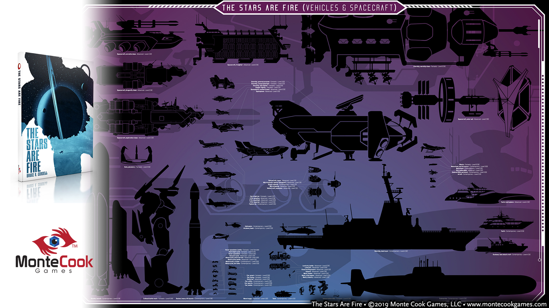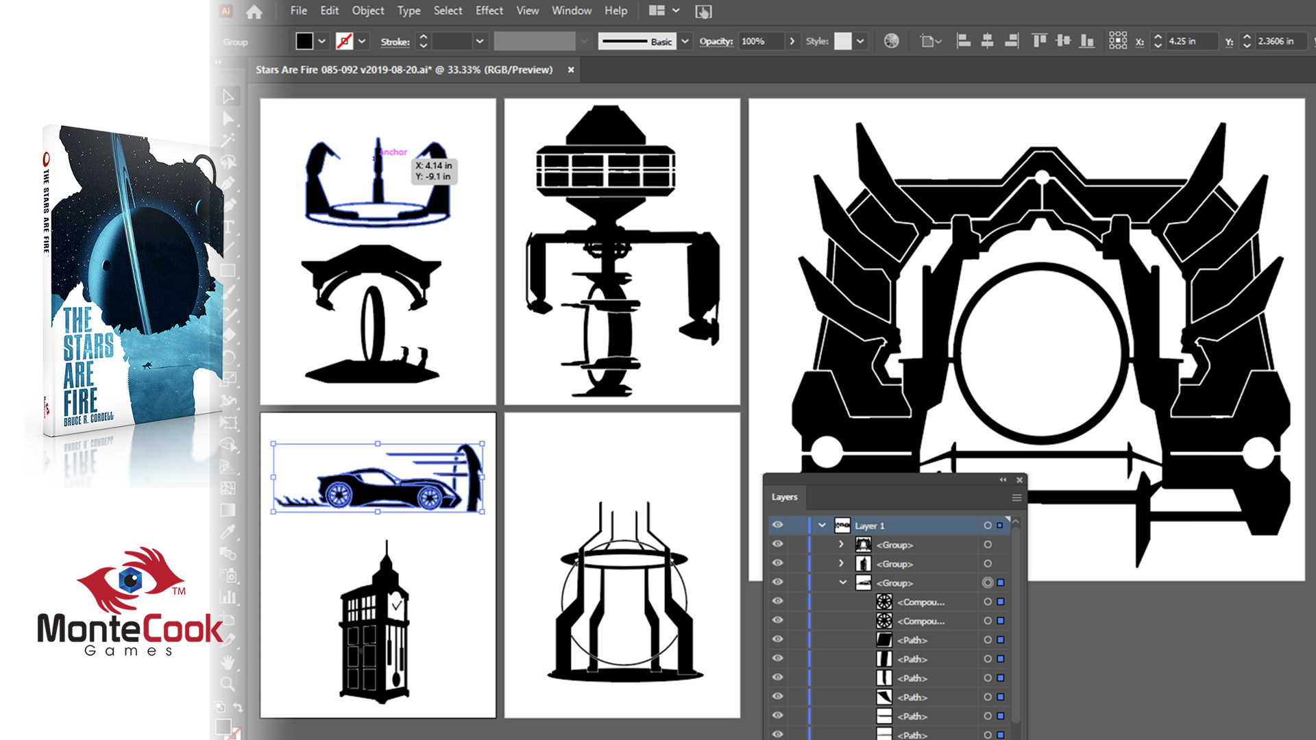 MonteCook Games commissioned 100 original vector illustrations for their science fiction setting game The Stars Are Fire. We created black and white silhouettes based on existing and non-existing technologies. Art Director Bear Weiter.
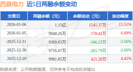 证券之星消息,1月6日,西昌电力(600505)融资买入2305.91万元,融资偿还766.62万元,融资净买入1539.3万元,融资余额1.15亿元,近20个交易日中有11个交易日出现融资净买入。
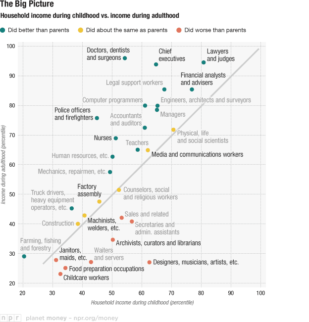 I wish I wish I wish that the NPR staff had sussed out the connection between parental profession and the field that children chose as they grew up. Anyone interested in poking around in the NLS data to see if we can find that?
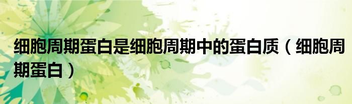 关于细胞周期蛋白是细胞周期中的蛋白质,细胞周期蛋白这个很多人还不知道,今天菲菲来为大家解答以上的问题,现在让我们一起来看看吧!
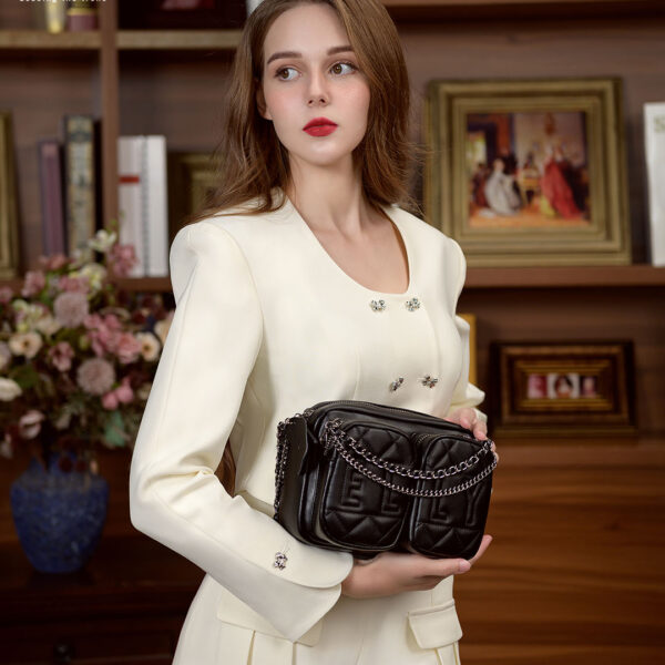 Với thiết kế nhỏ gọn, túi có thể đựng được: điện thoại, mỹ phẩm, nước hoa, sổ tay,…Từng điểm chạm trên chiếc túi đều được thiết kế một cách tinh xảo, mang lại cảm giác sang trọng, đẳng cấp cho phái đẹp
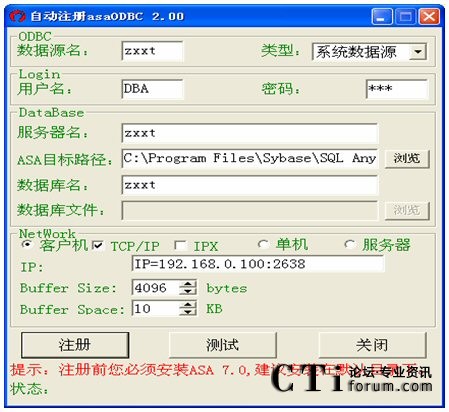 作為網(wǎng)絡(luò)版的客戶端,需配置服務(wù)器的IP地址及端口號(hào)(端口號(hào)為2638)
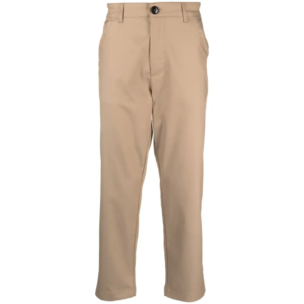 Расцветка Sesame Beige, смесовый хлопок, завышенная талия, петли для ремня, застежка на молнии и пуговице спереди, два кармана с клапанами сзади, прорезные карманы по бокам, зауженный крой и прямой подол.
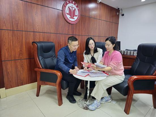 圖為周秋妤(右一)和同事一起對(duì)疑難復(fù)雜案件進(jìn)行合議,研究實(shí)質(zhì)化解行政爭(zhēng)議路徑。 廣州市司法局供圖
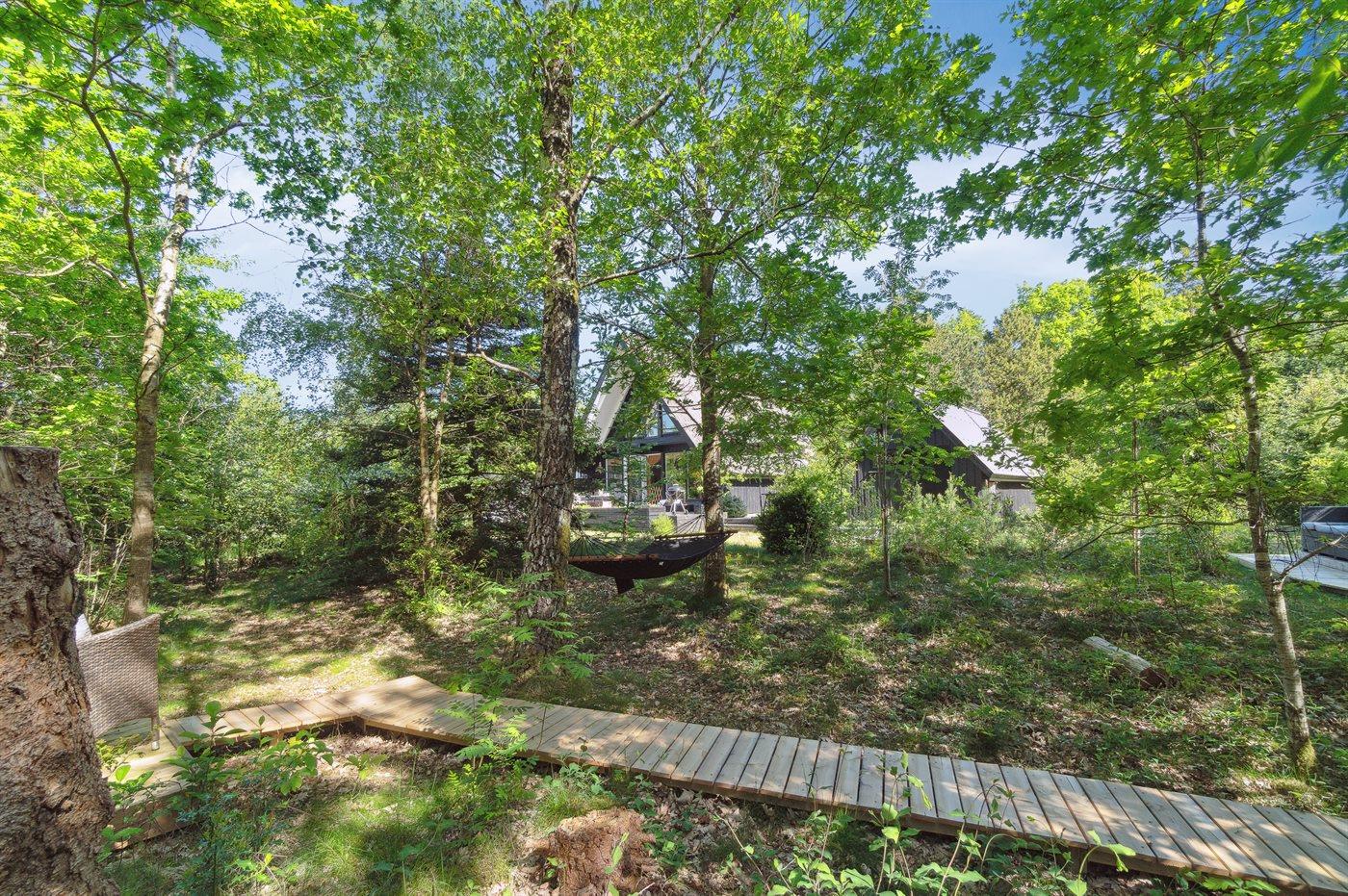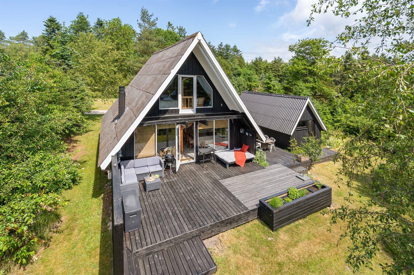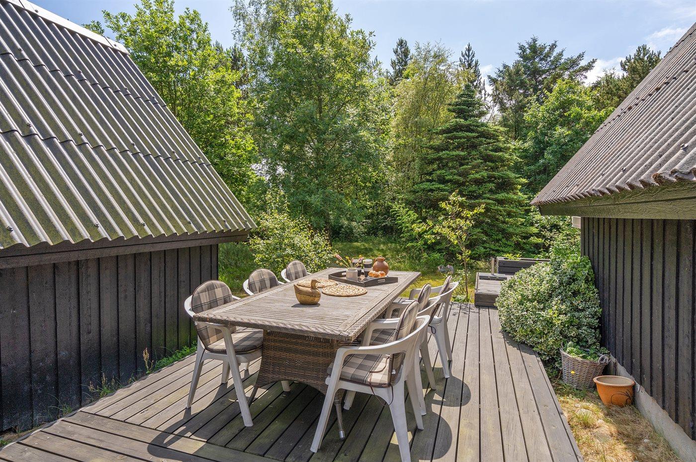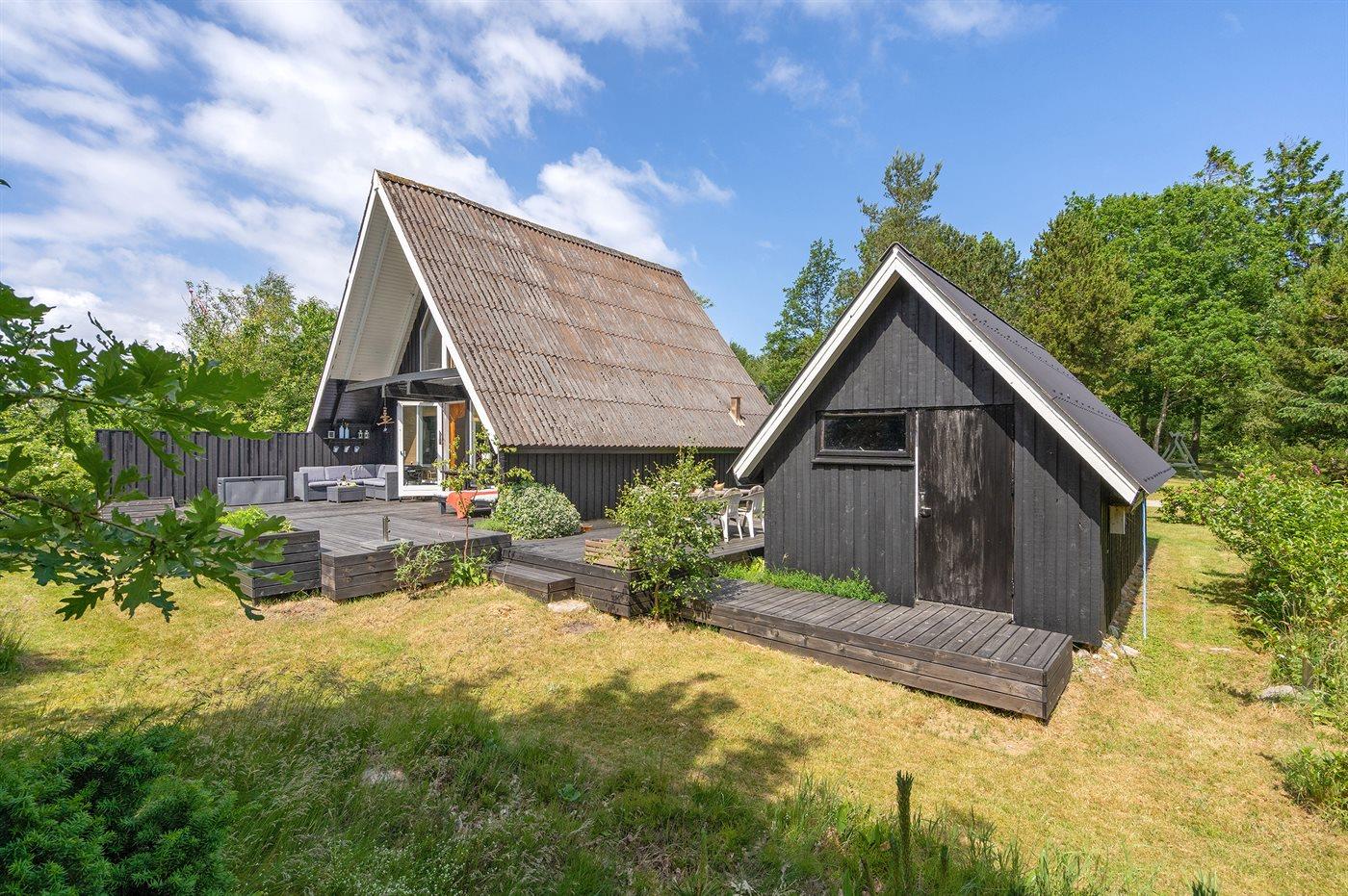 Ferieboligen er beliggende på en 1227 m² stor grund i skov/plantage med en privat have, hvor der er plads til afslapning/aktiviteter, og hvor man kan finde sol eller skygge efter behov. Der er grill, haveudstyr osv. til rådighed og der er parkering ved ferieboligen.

Your goal.
Give the data above again, exactly, with every picture removed.

Final answer.
 MonteCook Games commissioned 100 original vector illustrations for their science fiction setting game The Stars Are Fire. We created black and white silhouettes based on existing and non-existing technologies. Art Director Bear Weiter.
 证券之星消息,1月6日,西昌电力(600505)融资买入2305.91万元,融资偿还766.62万元,融资净买入1539.3万元,融资余额1.15亿元,近20个交易日中有11个交易日出现融资净买入。
 I wish I wish I wish that the NPR staff had sussed out the connection between parental profession and the field that children chose as they grew up. Anyone interested in poking around in the NLS data to see if we can find that?
 关于细胞周期蛋白是细胞周期中的蛋白质,细胞周期蛋白这个很多人还不知道,今天菲菲来为大家解答以上的问题,现在让我们一起来看看吧!
 Với thiết kế nhỏ gọn, túi có thể đựng được: điện thoại, mỹ phẩm, nước hoa, sổ tay,…Từng điểm chạm trên chiếc túi đều được thiết kế một cách tinh xảo, mang lại cảm giác sang trọng, đẳng cấp cho phái đẹp
 作為網(wǎng)絡(luò)版的客戶端,需配置服務(wù)器的IP地址及端口號(hào)(端口號(hào)為2638)
 Расцветка Sesame Beige, смесовый хлопок, завышенная талия, петли для ремня, застежка на молнии и пуговице спереди, два кармана с клапанами сзади, прорезные карманы по бокам, зауженный крой и прямой подол.
 圖為周秋妤(右一)和同事一起對(duì)疑難復(fù)雜案件進(jìn)行合議,研究實(shí)質(zhì)化解行政爭(zhēng)議路徑。 廣州市司法局供圖
 Ferieboligen er beliggende på en 1227 m² stor grund i skov/plantage med en privat have, hvor der er plads til afslapning/aktiviteter, og hvor man kan finde sol eller skygge efter behov. Der er grill, haveudstyr osv. til rådighed og der er parkering ved ferieboligen.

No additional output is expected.